*What you will do*
Exact reproduction required: the lines below from the line with "1、灵活控制录屏的开始和结束" to the line with "Ảnh: Minh Đức |", both ends included, and no others.

[Records from a collection]
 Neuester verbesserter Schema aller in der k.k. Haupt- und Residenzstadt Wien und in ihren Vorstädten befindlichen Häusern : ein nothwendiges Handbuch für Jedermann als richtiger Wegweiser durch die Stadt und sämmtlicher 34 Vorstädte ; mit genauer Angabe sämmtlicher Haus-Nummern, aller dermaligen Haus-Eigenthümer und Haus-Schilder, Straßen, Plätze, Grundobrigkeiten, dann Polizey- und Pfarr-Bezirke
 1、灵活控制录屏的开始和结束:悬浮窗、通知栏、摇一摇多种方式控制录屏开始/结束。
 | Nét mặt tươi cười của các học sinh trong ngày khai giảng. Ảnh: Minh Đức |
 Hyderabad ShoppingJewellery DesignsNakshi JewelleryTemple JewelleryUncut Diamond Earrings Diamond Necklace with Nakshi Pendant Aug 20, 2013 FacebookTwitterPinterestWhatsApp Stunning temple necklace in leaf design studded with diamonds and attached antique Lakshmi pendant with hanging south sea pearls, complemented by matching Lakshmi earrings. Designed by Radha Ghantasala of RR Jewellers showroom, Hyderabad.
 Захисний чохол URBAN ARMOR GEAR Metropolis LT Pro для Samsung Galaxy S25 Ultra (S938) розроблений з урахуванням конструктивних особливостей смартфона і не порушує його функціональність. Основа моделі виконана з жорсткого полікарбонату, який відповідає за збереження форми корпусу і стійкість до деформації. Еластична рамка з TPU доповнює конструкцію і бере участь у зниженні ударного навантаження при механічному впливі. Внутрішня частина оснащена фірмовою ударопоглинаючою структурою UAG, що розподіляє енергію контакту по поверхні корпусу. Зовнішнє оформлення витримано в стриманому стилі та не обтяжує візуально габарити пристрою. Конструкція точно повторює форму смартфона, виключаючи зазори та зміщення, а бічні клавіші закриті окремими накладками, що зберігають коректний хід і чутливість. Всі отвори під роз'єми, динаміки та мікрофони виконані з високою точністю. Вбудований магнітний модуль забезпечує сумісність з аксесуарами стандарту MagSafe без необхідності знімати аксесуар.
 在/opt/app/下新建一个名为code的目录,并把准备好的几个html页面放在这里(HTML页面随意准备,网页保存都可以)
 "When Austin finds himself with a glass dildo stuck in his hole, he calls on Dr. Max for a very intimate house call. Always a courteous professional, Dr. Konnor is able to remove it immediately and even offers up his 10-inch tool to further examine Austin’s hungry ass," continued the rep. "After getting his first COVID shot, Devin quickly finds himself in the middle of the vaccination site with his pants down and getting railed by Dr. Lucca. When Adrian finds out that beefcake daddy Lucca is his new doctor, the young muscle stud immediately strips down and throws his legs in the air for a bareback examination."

*Worked solution*
 1、灵活控制录屏的开始和结束:悬浮窗、通知栏、摇一摇多种方式控制录屏开始/结束。
 | Nét mặt tươi cười của các học sinh trong ngày khai giảng. Ảnh: Minh Đức |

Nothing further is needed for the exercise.